“稳住!都稳住!”
“安武白,有种的来单打独斗!”
回应他的只有火药包的又一轮轰炸。
“报!敌袭敌袭!”
“将军,有敌军在后方打来啦!”
“什么?领兵何人?”
“一名老者,旗号栾!”
“什么!”
“将军,敌军数万人,我军营帐全都被烧,军师他、他被割首。”
轰!
胡葵力山身形晃荡,差点儿从马背上坠下来。
完了!
全军都要死无葬身之地了!
想到此,胡葵力山双眼猩红。
随即大喊——
“都给我拼了!”
“杀!给我杀!”
城内。
北十安等人全都骑上战马,“安太守,别忘记我之前说过的。”
安武白登时下跪,在场的百姓跟守军也都齐齐跪拜在地。
百姓跟守军们不清楚具体发生了什么,但,这些外来的人着实帮了他们大忙。
人家护着他们的家园,这一跪不亏。
“公子,我安某定然遵守承诺。公子保重,各位,保重!”
北十安点头,“城内给你们留的火药包,用不完的找个地儿收好备着。北疆地域不太平。”
“是!”
“行了,我们也要走了。

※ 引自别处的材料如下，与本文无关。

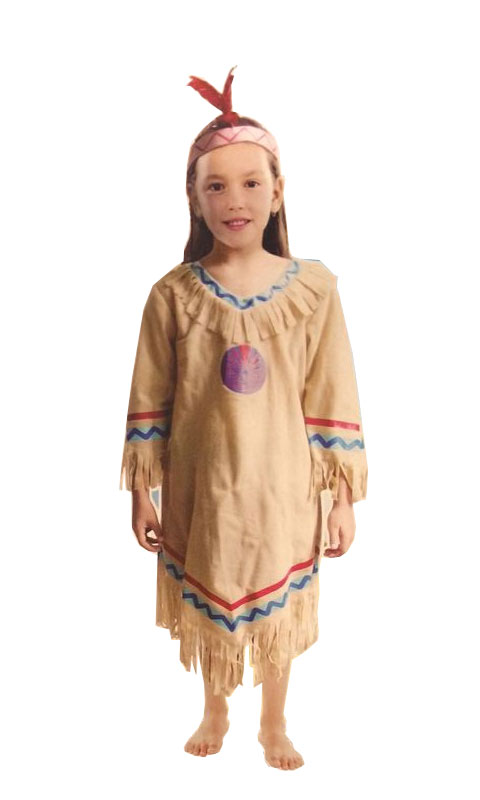 Tyylikäs intiaanitytön mekko, sis mekon ja pääpannan sulalla. Koko ikäluokille 5-7V (120cm)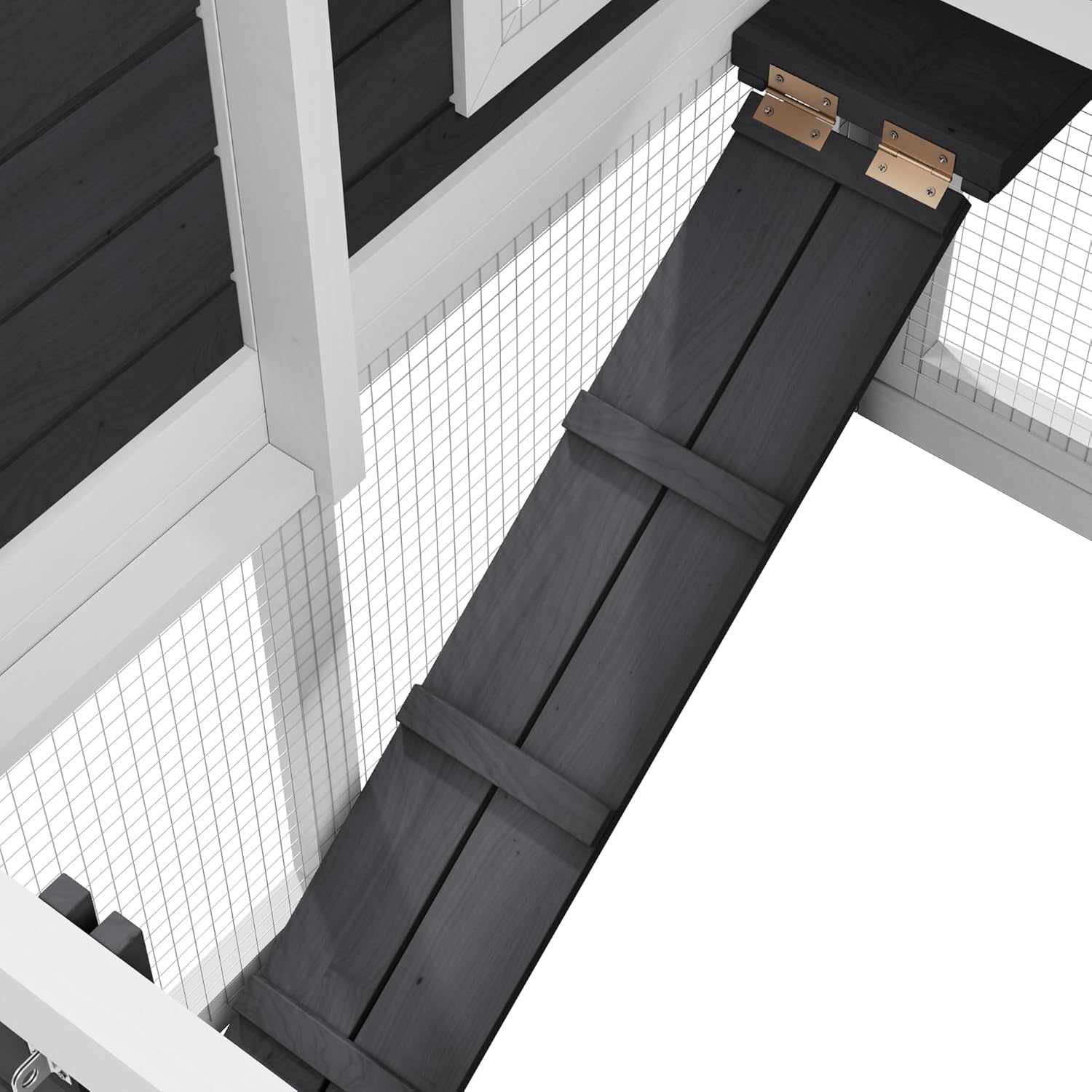 Bunny Cage Premium Rabbit Hutch with Leak-Proof Roof, 2-Story Bunny House for Guinea Pigs & Hamster,Wooden Chicken House with Deep Pull-Out Tray, Waterproof Chicken Coop for Outside (Grey)

栾家军已到,你们必可安然无恙!”
“公子!好走!”
北十安随后跟南羡初汇合,两人在前方引路。
跟随他们一起的人,每个人的马背上都装着或大或小的火药包。
“众将听令,跟他们拼了!”
“是!”
战马越过城墙的残障,一行二十余人直逼北襄乱军。
随后,火药包爆炸的声音层出不穷。
夜色下,火把火堆将天映红,各处都是惨叫声以及冷兵器的厮杀声。
南羡初有伤,孟姝唯体弱,北十安、齐尽欢以及墨南夷全都守着他们两个前行。
打着栾家军旗号的大军跟北襄军打斗在一起,他们一行人趁乱朝着友军的后方而去。
不多久。
南羡初终于跟南老爷子汇合。
“公子,孟姑娘!”
南老爷子目光灼灼,一颗悬着的心终于落下。
还好,都还活着!
南羡初点头,随即吩咐,“不招降军,一个不留。备好火油,到时候……”
南老爷子一讶,“公子,这?”
“我自由安排。”
“是!”
南羡初随后吩咐那些跟随他们一起厮杀出来是21人太平守军去休息,他则是跟孟姝唯等人去了大帐。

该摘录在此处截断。